Grouping Data
Grouping data is a powerful way to analyze subsets of data by splitting it into groups based on one or more columns. Pandas provides the groupby()
method to perform grouping operations, such as aggregations and transformations. This tutorial explores how to use groupby()
effectively.
Basic Grouping
To group data by a specific column, use the groupby()
method. Once grouped, you can apply aggregation functions like sum()
, mean()
, or count()
. Here’s an example:
import pandas as pd
# Create a sample DataFrame
data = {
"City": ["Chennai", "Madurai", "Chennai", "Madurai", "Trichy"],
"Sales": [100, 200, 150, 180, 90],
"Profit": [20, 40, 30, 35, 15]
}
df = pd.DataFrame(data)
# Group by City and calculate total Sales
grouped = df.groupby("City")["Sales"].sum()
print(grouped)
Output
City | Sales |
---|---|
Chennai | 250 |
Madurai | 380 |
Trichy | 90 |
Explanation: The groupby("City")
method groups the data by the City
column.
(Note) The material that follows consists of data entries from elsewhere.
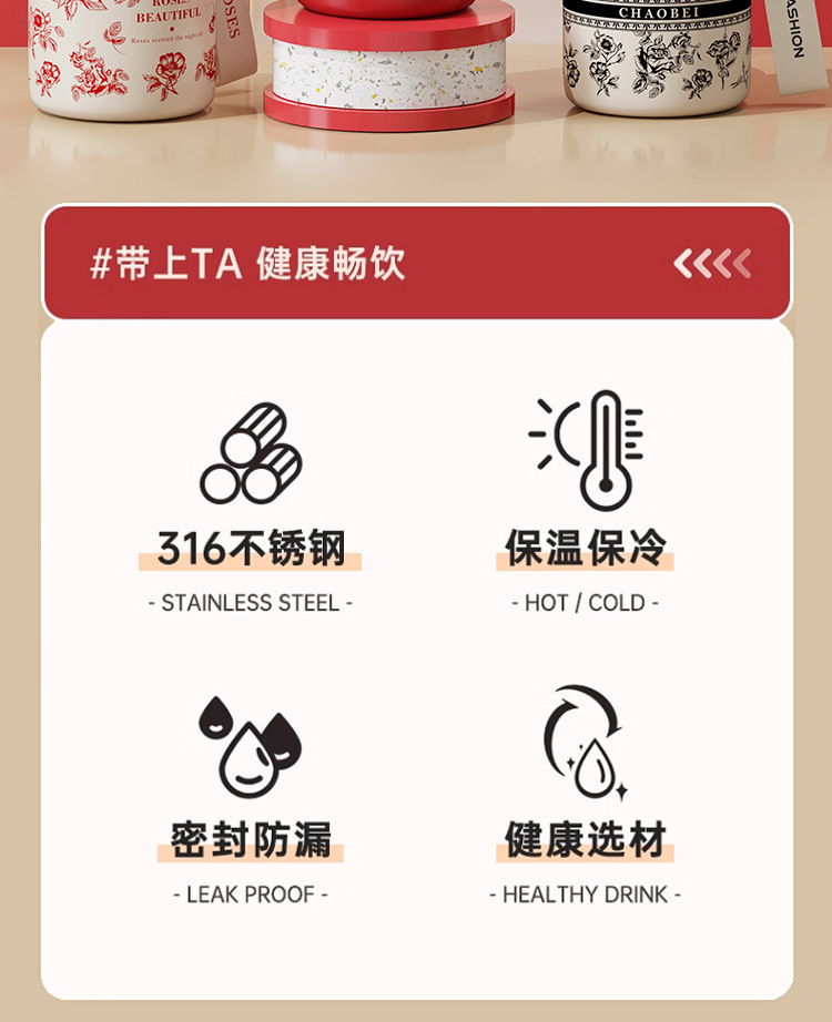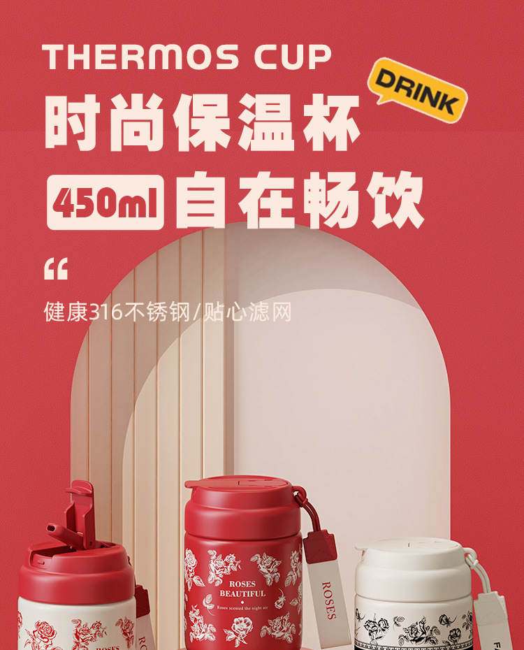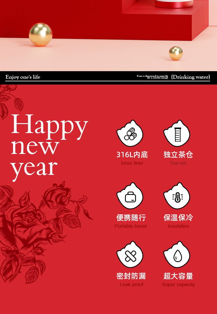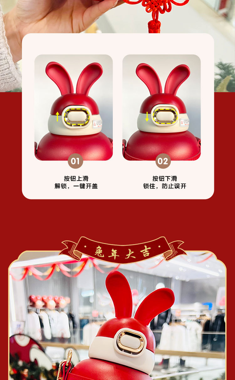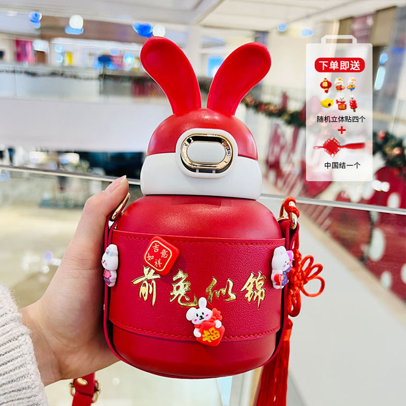 새해 레드 더블 드링크 커피 보온병 컵 316 고급스러운 학생과 어린이 대용량 세라믹 밀짚 선물 컵스토어 가기
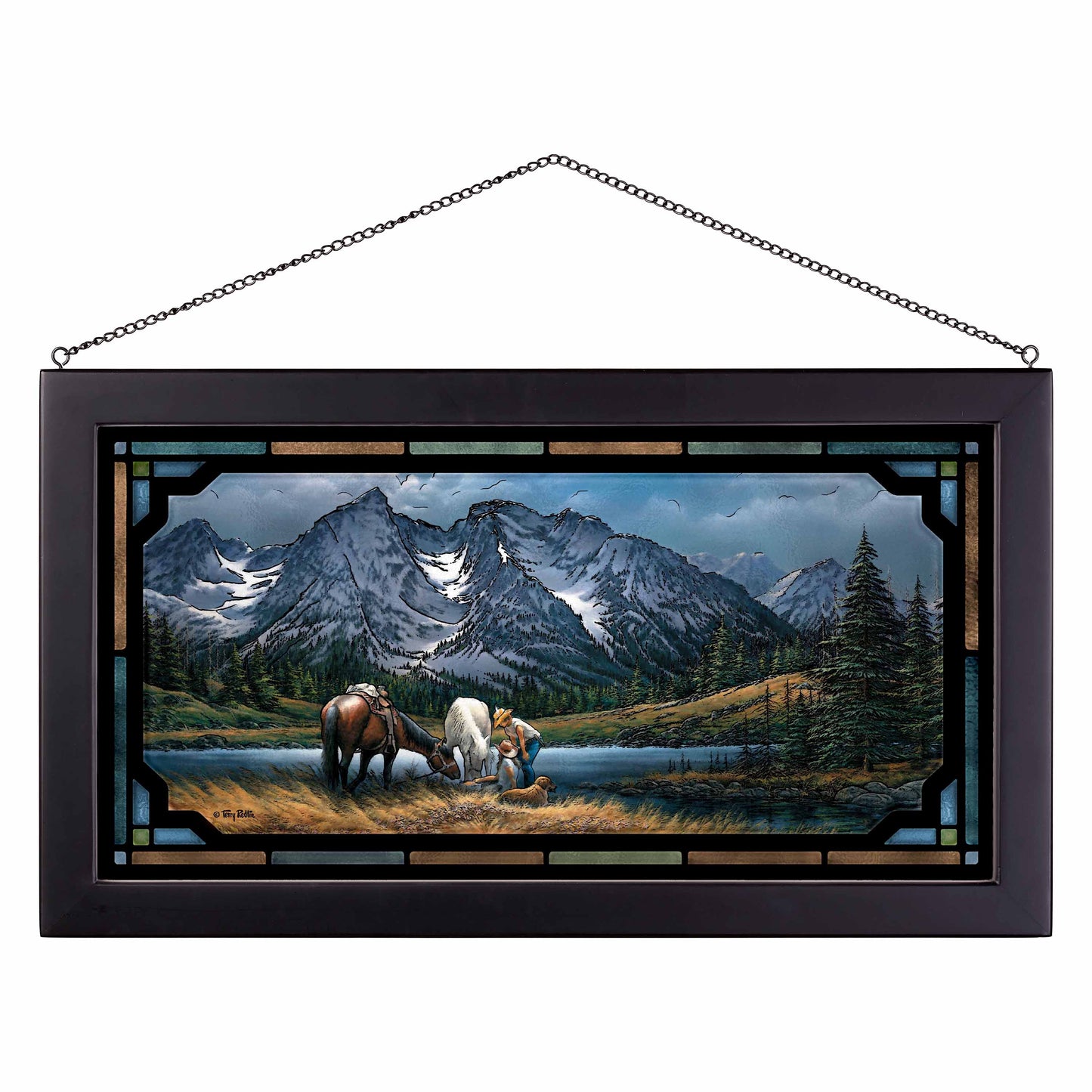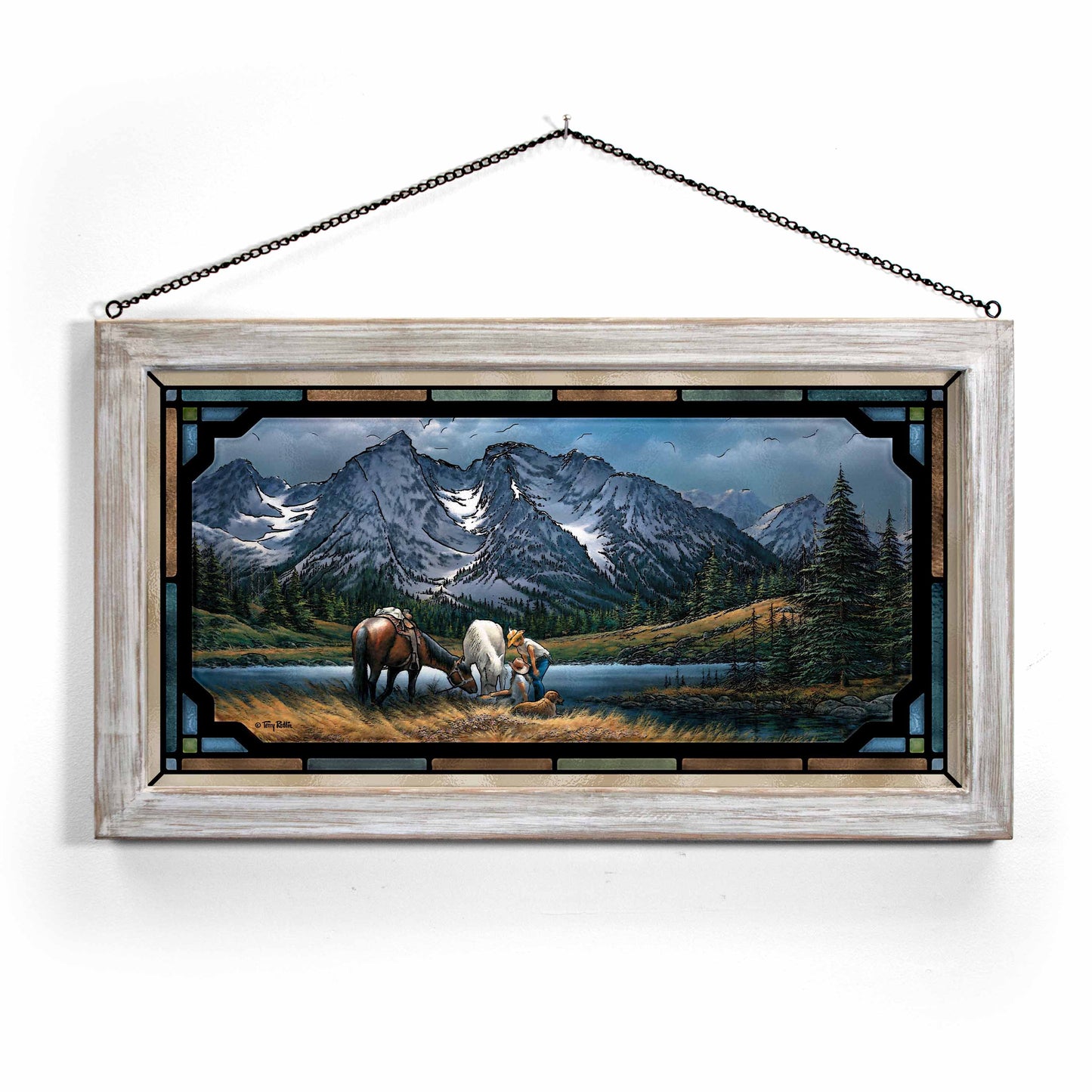 Let the light shine! Stained glass art hangings show their true colors when back-lit with natural sunlight. Popular designs are printed with fade resistant inks on 11" x 21" glass, framed with 1" black-finished moulding. Framed size 13" x 23". Ready to hang with provided chain. Designed, printed, and assembled in North America.
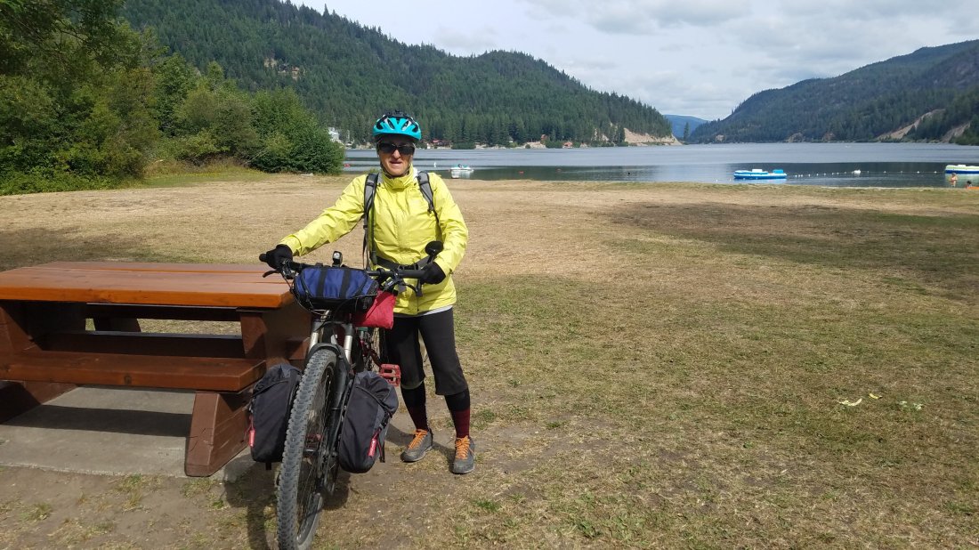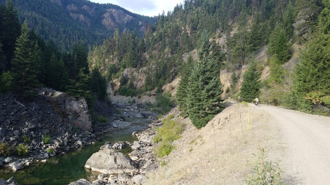 Eventually we headed north toward Merritt. It was out of our way, but our destination so we could spend Sunday where there was a church. Unfortunately, Google Maps believed there was a Rail Trail that continued North as well as South to Hope our destination on Monday. We should have recognized the signs as the trail got less and less worn but we didn’t want to turn back. Our hopes were eventually dashed as we came to a huge steep washed out section that was impassable and we had to turn back to catch the road. On a long day, that was frustrating, but we did have a tail wind that pushed us in to Merrit. A surprisingly hot and dry area that gets very little rain or snow according to the “why live in Merritt” website:).
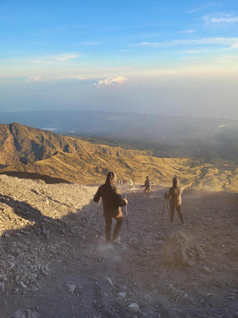 Ungefähr eine Stunde verbrachten wir oben auf dem Gipfel, der Wind hatte nachgelassen und spätestens mit der ersten Wärme der Sonen war es sehr gut aushaltbar. Danach begann der Abstieg, der Teil vor dem ich am meisten Respekt hatte. Von 3700 Höhenmetern auf 1100 nach Sembalun klang für mich nicht wirklich nach einer schönen Erfahrung. Doch zumindest der Abstieg vom Gipfel zum Camp war sehr angenehm. Der Vulkansand ist zwar zum Aufstieg die Hölle, zum Abstieg jedoch ein wahrer Segen. Mit jedem Schritt runter rutscht man einen weiteren den Berg hinab und muss die Energie nicht mit seinen Beinen abfangen. Das übernimmt der Vulkansand für einen. Und so „rutschten“ wir in knapp 1.5h den Berg wieder runter, das hat echt Spaß gemacht.
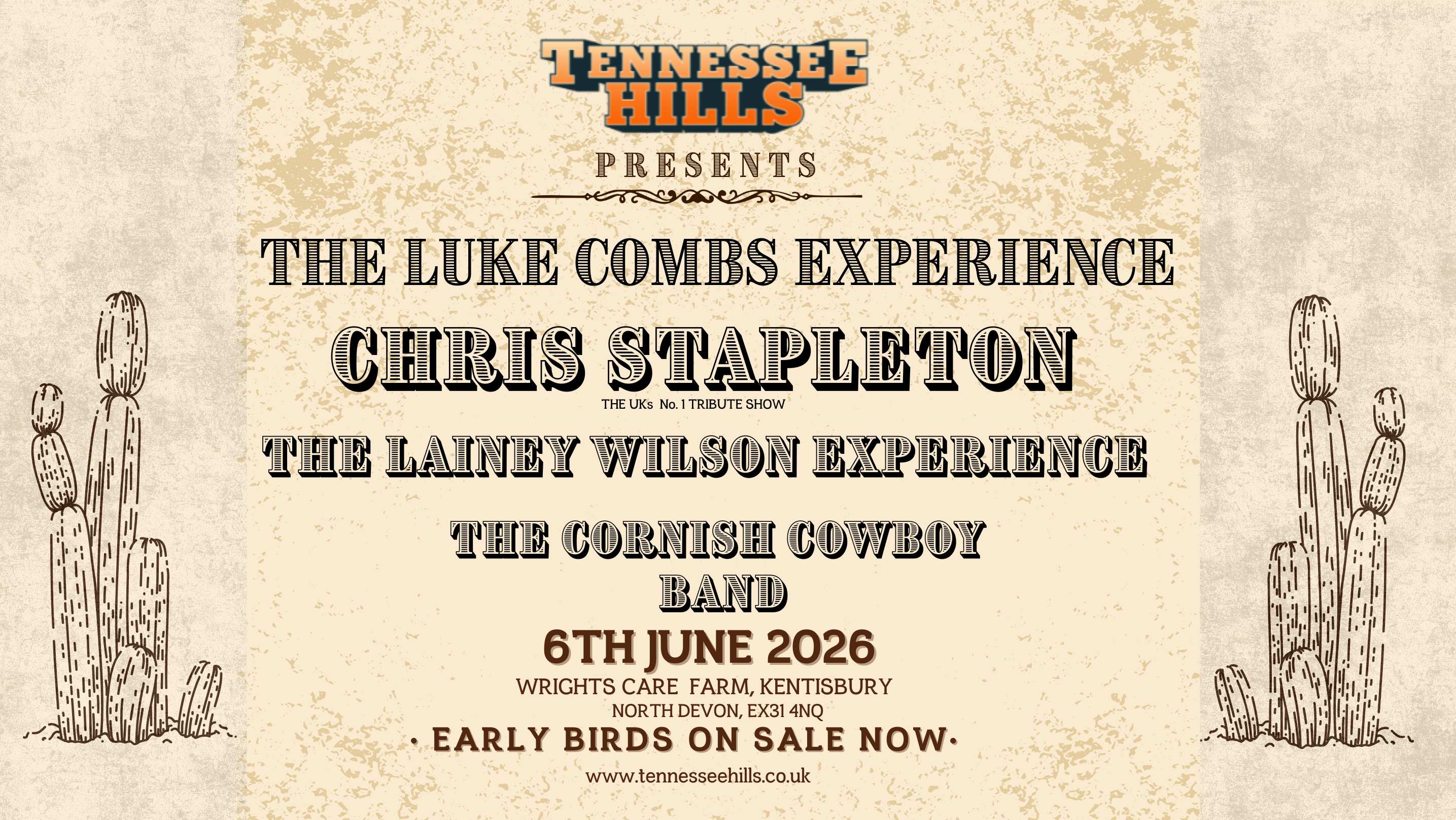 The lineup next year is AWESOME! We'll be announcing more as the weeks go by but for now get your super early bird tickets for only £28.50 and no booking fees! We've also released some stunning glamping options, see our soccials for details! you can booke everything you need for the perfect country weekend away in North Devon via our website www.tennesseehills.co.uk
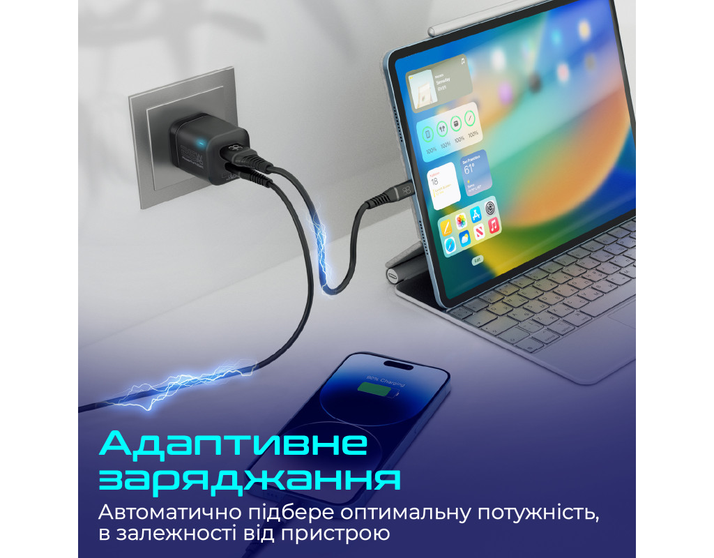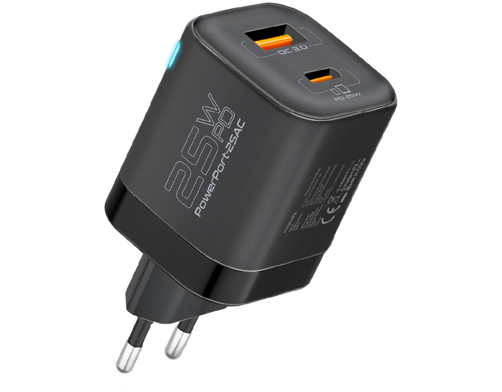 | Підтримка технологій Power Delivery та Quick Charge 3.0, максимальна безпека та ультракомпактний форм-фактор. Promate PowerPort-25AC з легкістю зарядить будь-який гаджет на потужності 25W через USB-C та USB-A порт.

The sum()
function is applied to calculate the total sales for each city.
Grouping with Multiple Aggregations
You can perform multiple aggregations on grouped data using the agg()
method. Here’s an example:
# Group by City and calculate total Sales and average Profit
grouped = df.groupby("City").agg({
"Sales": "sum",
"Profit": "mean"
})
print(grouped)
Output
City | Sales | Profit |
---|---|---|
Chennai | 250 | 25.0 |
Madurai | 380 | 37.5 |
Trichy | 90 | 15.0 |
Explanation: The agg()
method allows you to perform multiple aggregation operations on grouped data. In this example, total sales and average profit are calculated for each city.
Grouping with Multiple Columns
You can group data by multiple columns by passing a list to the groupby()
method. Here’s an example:
# Group by City and Sales, and calculate total Profit
grouped = df.groupby(["City", "Sales"])["Profit"].sum()
print(grouped)
Output
City | Sales | Profit |
---|---|---|
Chennai | 100 | 20 |
Chennai | 150 | 30 |
Madurai | 180 | 35 |
Madurai | 200 | 40 |
Trichy | 90 | 15 |
Explanation: Grouping by multiple columns creates a hierarchical index, allowing you to analyze the data at multiple levels. In this example, profits are grouped by both city and sales values.
Key Takeaways
- Basic Grouping: Use
groupby()
to group data by a single column and apply aggregation functions. - Multiple Aggregations: Use
agg()
for performing multiple operations on grouped data. - Grouping by Multiple Columns: Analyze data at multiple levels by grouping with more than one column.
- Insights: Grouping helps summarize and analyze data effectively based on categorical variables.